À la vérité, je ne l'avais pas à grand-chose. Comme tous les soirs, ces derniers temps, je n'avais qu'une seule et unique idée en tête, rentrer chez moi au chaud pour passer une soirée tranquille en tête à tête avec ma télé. Chose qui m'aurait horrifié rien que d'y penser, encore quelques mois auparavant.

À l'époque je menais une vie tranquille et insouciante. Partagée entre mon travail de serveuse dans un petit restaurant, mes cours à la fac de psychologie et mes amies, que je retrouvais presque tous les soirs, ne serait-ce que pour discuter. Je vivais avec ma mère, qui m'avait eu très jeune et élevée seule. Nous nous entendions très bien, presque plus comme des amies que comme une mère et sa fille.  Parfois elle se joignait même à nous lors de nos petites réunions improvisées, d'ailleurs mes copines l'adoraient. Puis tout avait basculé, peu de temps avant noël.
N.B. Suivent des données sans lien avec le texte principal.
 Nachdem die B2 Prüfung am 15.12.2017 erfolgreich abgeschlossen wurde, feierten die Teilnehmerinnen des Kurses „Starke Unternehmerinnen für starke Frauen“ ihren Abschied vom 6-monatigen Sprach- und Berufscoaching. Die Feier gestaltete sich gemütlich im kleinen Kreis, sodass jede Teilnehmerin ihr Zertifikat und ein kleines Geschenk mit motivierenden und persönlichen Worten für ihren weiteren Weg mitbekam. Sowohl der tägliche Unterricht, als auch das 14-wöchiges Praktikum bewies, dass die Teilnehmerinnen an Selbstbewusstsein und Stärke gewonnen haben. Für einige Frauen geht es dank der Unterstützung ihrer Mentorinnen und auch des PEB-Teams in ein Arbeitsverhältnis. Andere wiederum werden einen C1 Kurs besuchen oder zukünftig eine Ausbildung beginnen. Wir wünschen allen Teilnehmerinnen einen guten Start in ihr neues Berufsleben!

La disparition subite de ma mère, renversée par un chauffard sur un trottoir alors qu'elle rentrait de son travail, m'avait anéantie...beaucoup plus que je n'aurais pu le croire. Passée l'hébétude initiale liée au choc, les différentes démarches administratives et juridiques avaient eu raison du peu d'insouciance qu'il me restait. J'avais dû arrêter les cours et trouver un deuxième travail pour assurer les factures, ne trouvant même plus de temps pour voir mes amies.

Mais même ainsi je ne m'en sortais pas et avait bien dû finir par me résoudre à vendre la maison. Une fois que la dernière chose qui me rattachait un tant soit peu à ma mère eut disparu, je ne vis plus de raison de rester là plus longtemps et décidai de tenter un nouveau départ ailleurs, loin de tous ces douloureux souvenirs. Mes amies avaient bien essayé de me retenir et j'avais hésité un bref instant, sachant qu'elles me manqueraient, mais...tout était différent. Désormais j'étais seule. Ma vie ne serait plus jamais comme avant et voir tous ces gens si heureux et insouciants me faisait mal, me rappelant trop ce j'avais perdu et ne retrouverais jamais...
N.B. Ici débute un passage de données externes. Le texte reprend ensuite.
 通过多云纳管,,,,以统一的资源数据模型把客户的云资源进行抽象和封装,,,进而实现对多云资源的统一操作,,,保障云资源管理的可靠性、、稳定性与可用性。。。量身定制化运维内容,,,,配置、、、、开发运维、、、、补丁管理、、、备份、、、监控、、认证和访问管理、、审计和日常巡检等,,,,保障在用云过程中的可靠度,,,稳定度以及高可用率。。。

J'étais donc partie m'installer à l'autre bout du pays, dans une mégapole grande et anonyme, par opposition à la petite ville de banlieue d'où je venais. J'avais espéré que le changement d'environnement me permettrait de franchir un cap et de passer à autre chose. Mais presqu'un an s'était écoulé depuis la tragédie, sans que le temps ni la distance physique n'amenuisent la douleur et l'abattement permanent que je ressentais. J'avais au contraire la sensation de m'enliser dans une routine morne et triste, un long tunnel sans fin dont je ne parvenais plus à sortir.

Cela faisait bientôt deux mois que j'étais là. Les maigres économies que j'avais réussi à tirer de la vente de la maison, une fois passés les frais de succession et autres factures, ne s'élevaient pas à grand-chose. J'avais donc dû me contenter de louer une chambre d'étudiante chez une vieille dame en attendant de trouver un emploi fixe. Ce qui, je l'espérais, était en bonne voie.

Je travaillais à l'essai depuis quelques jours dans l'une des bibliothèques de la ville, située dans l'un des nombreux nouveaux quartiers qui fleurissaient un peu partout à sa périphérie. Le sentiment d'être en ville, sans vraiment y être ! Mon travail consistait à ranger et classer les différents ouvrages, rien de très palpitant pour l'instant à vrai dire, mais j'aimais bien l'ambiance feutrée de la bibliothèque et ce travail solitaire me plaisait. Les autres employés gardaient leurs réserves à son encontre, sans doute un peu refroidis par tous les refus polis mais nets, que j'avais émis à leurs différentes tentatives de rapprochement.

Je savais, au fond de moi, que j'aurais dû accepter leurs gentilles invitations et me faire de nouveaux amis, mais je n'y arrivais tout simplement pas.  Je n'avais plus, ni l'envie, ni l'énergie d'essayer de m'intégrer. En fait je n'avais plus goût à rien et tout me paraissait fade. C'était un peu comme si un grand vide que plus aucune émotion ne pouvait remplir, s'épanouissait insidieusement en moi.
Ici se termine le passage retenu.